2010 GDP forecast of MTI revised to 4.5-6.5 percent

19 Feb 2010

Singapore’s economy is expected to grow 4.5 to 6.5 percent this year, after a 20 percent decline in 2009, according to the Ministry of Trade and Industry (MTI).

MTI also said that the Singaporean government had earlier projected that the economy would likely grow 3 to 5 percent this year. However, the latest update on the forecast reflects the increased strength in the near term growth momentum.

It added that the real gross domestic product (GDP) had expanded by 4 percent on a year-on-year basis in Q4 2009, after it increased by 0.6 percent in Q3 last year.

The country’s GDP contracted by 2.8 percent on a seasonally adjusted quarter-on-quarter annualised basis in Q4 2009.

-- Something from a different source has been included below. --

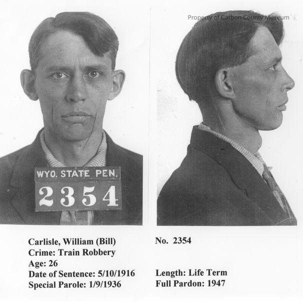 Two black & white prints of mug shot of Bill Carlisle. Photo on left is face forward & photo on right he is looking to photo right. Number "2354" is on a card beneath his chin on forward looking picture. He wears a dark jacket, striped shirt & print tie. Printed on left" Carlisle, William (Bill) Crime: train robbery Age: 26 Date of Sentence: 5/10/1916 Special parole: 1/19/1936" Printed on bottom right: "No 2354 Length: Life Term full pardon: 1947"

The services sector grew 6.6 percent in Q4, compared to the 8.2 percent growth on a seasonally adjusted quarter-on-quarter annualised basis during the third quarter. The tourism- and trade-related sectors like wholesale and retail, hotels and restaurants, transport and storage, posted the biggest gains compared to the previous quarter.

However, the financial sector declined from the previous quarter due to a decline in the stockbroking segments and fund management.

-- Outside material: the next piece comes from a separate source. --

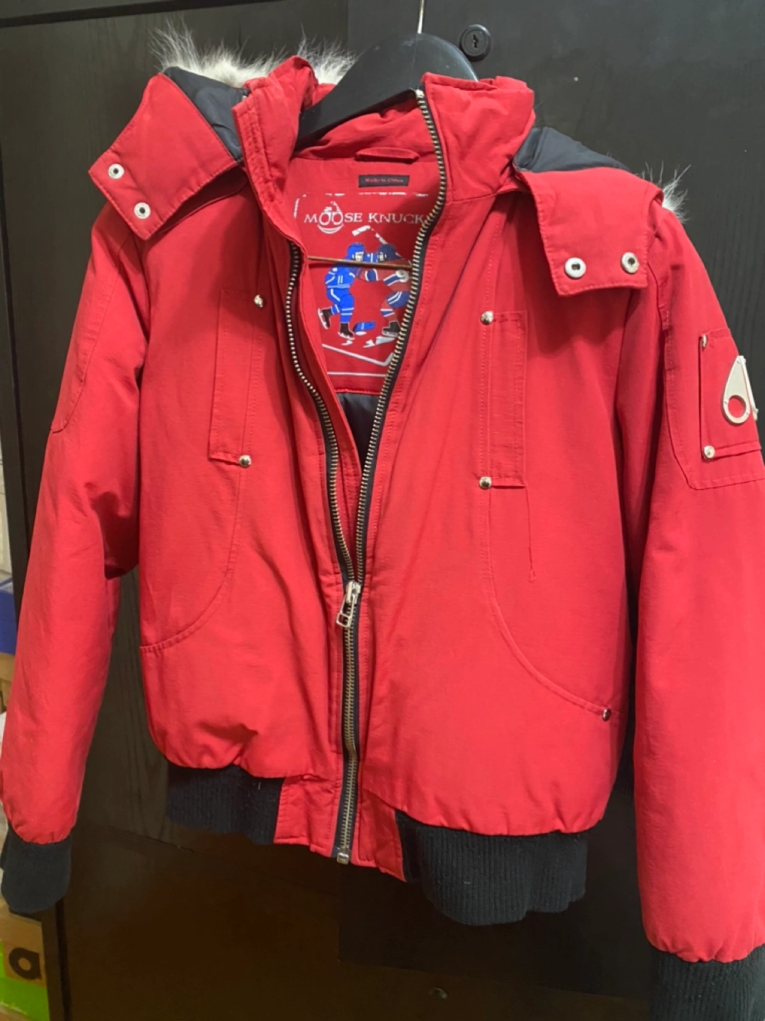 Red bomber jacket with fur hood. Has a zipper and button closure.size 14 (youth size)can fit size S (women)

The manufacturing sector was down by 29 percent on a seasonally-adjusted quarter-on-quarter annualised basis in Q4, a reversal from the 25.6 percent growth recorded in Q3. The decline was largely due to the contraction of results in the transport engineering clusters and biomedical manufacturing sectors. But the growth in the chemicals and electronics sectors strengthened because of the continued recovery of global trade.

The construction industry climbed up in the fourth quarter, increasing by 16.4 percent on a seasonally-adjusted quarter-on-quarter annualised basis compared to 3.8 percent in Q3.
 
The inflation forecast for this year has also been revised to 2.0 to 3.0 percent from 2.5 to 3.5 percent. The revision is mainly due to the rebasing of the consumer price index (CPI) of last year, which resulted from the changes of the volume of CPI’s goods and services and to the methodological improvements.

The underlying inflation forecast of the Monetary Authority of Singapore (MAS), excluding private road transport and cost of accommodation, remains at 1 to 2 percent.